- Opening Delimiter -

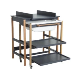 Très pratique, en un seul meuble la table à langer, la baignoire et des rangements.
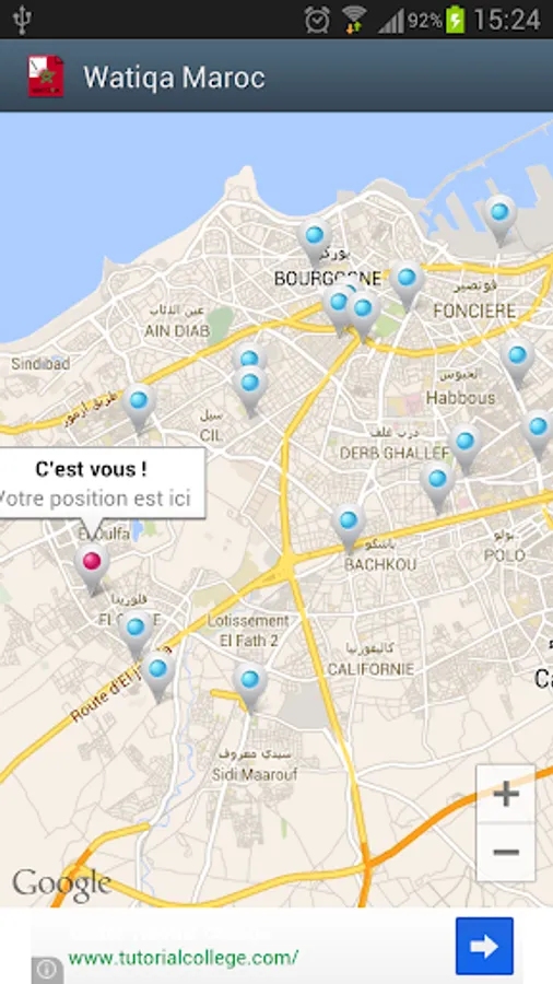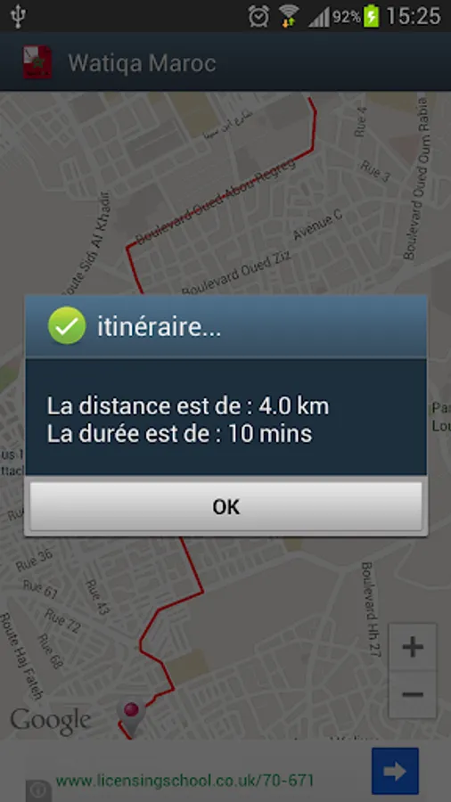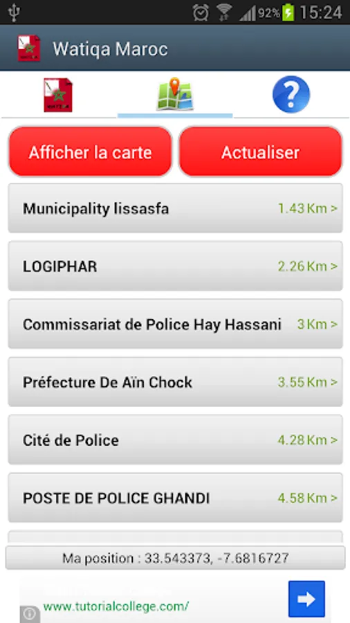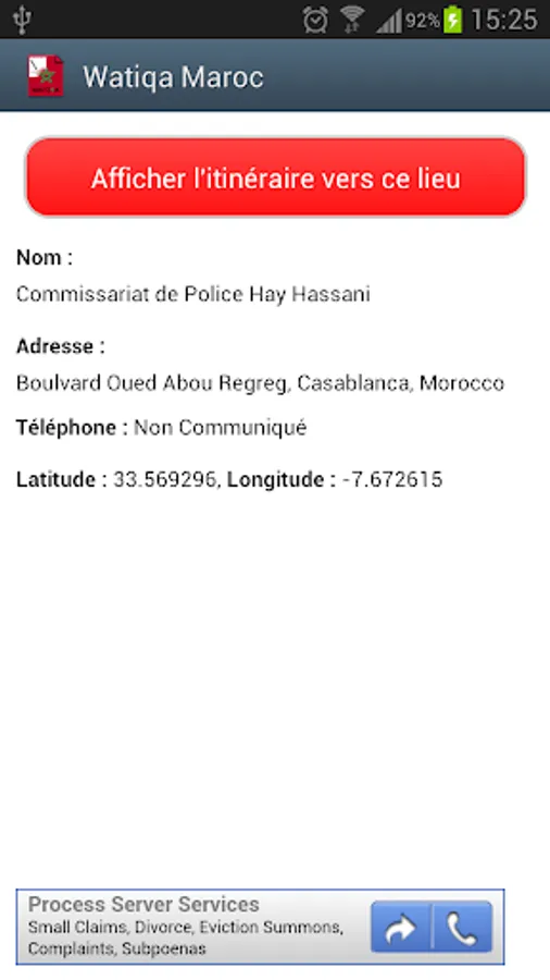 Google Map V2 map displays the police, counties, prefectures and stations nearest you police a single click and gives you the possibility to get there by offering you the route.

- Closing Delimiter -
- Opening Delimiter -

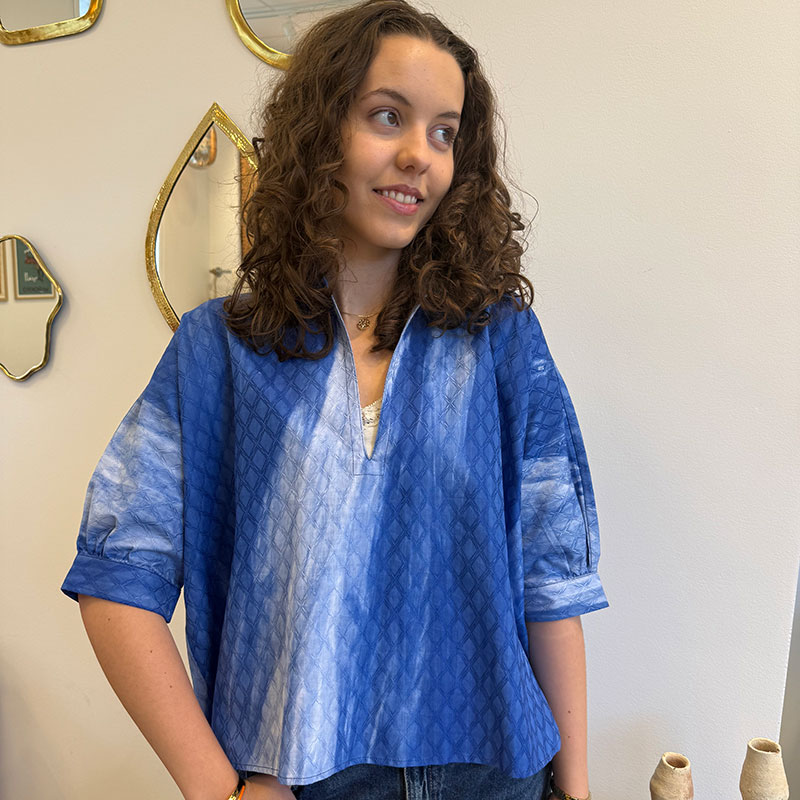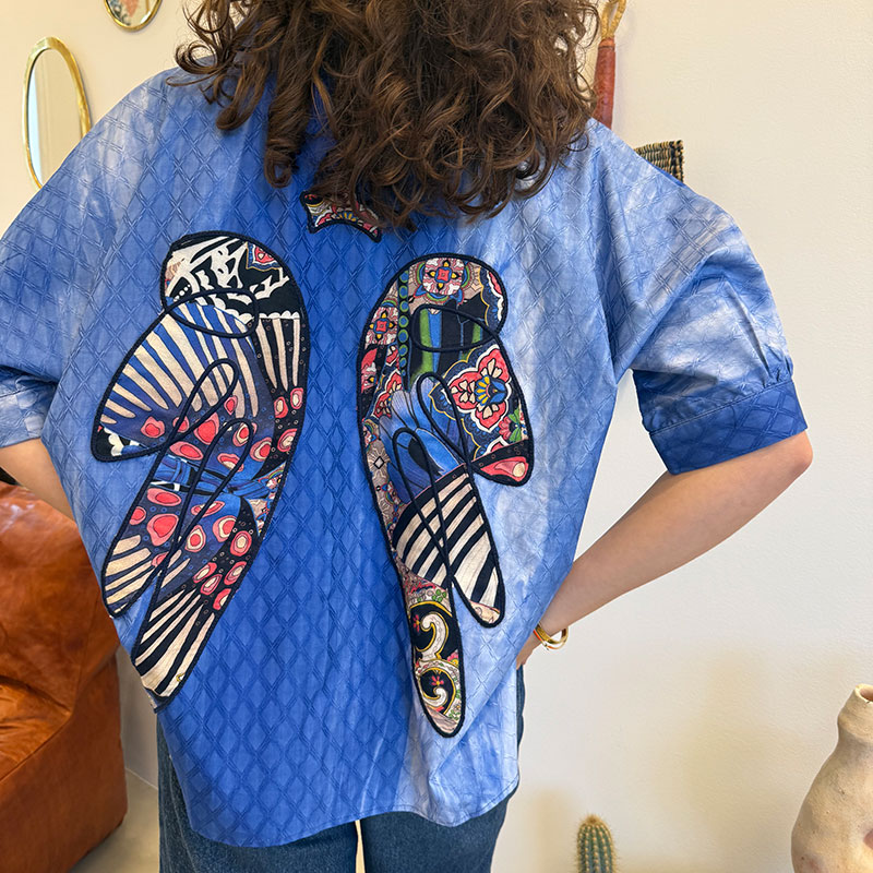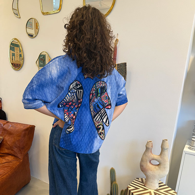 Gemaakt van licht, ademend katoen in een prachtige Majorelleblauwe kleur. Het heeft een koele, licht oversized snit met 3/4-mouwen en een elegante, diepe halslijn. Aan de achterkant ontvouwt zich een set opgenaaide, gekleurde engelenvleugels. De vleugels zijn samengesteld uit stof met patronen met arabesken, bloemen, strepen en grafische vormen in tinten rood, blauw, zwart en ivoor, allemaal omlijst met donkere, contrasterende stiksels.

- Closing Delimiter -

TASK ::
Copy nothing but the lines above that run from the one with "Très pratique, en" to the one with "Google Map V2", ends included; pictures stay out.

REPLY ::
 Très pratique, en un seul meuble la table à langer, la baignoire et des rangements.
 Google Map V2 map displays the police, counties, prefectures and stations nearest you police a single click and gives you the possibility to get there by offering you the route.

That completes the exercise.